══ Dataset excerpt

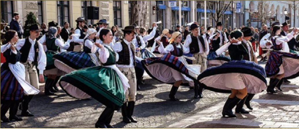
A rendezvény egyik leglátványosabb eleme az ünnepi díszmenet volt
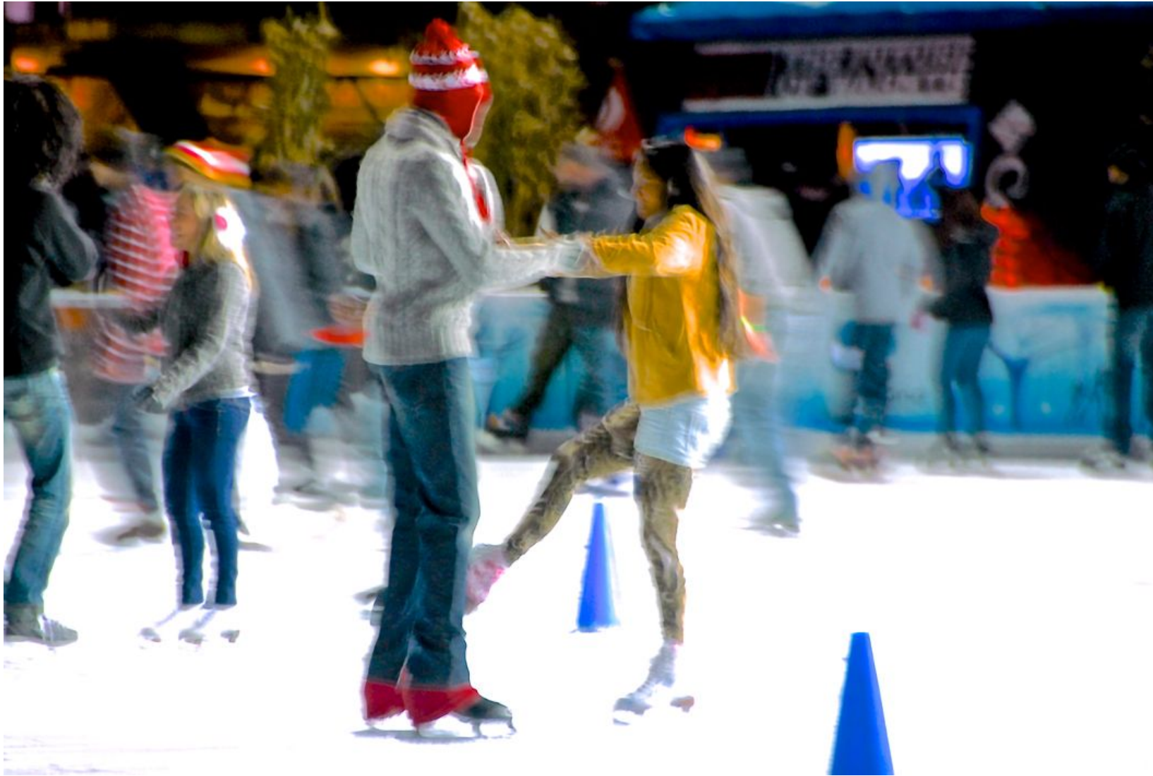
PATINADORES EN BRYANT PARK Impresión Digital en Sandwich Dibon blanco / Metacrilato / Bastidor Edición 1/3 - 70x100cm
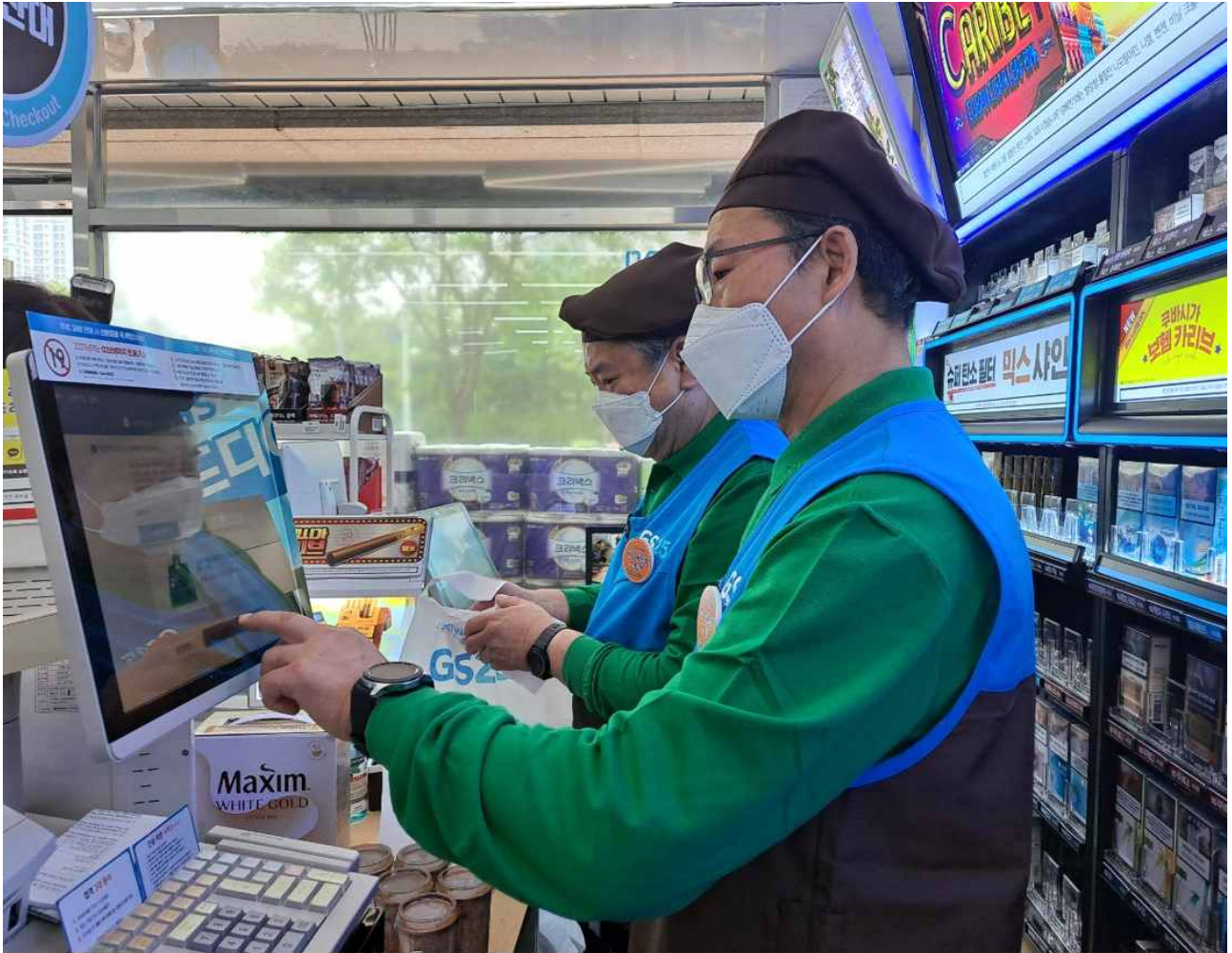
은퇴 어르신 채용 시니어드림스토어(인천1호점)

════

**Task to complete:**
Find the line with "PATINADORES EN BRYANT" in the listing above, then write it out along with every later line through the last one, exactly, omitting pictures.

**Your response:**
PATINADORES EN BRYANT PARK Impresión Digital en Sandwich Dibon blanco / Metacrilato / Bastidor Edición 1/3 - 70x100cm
은퇴 어르신 채용 시니어드림스토어(인천1호점)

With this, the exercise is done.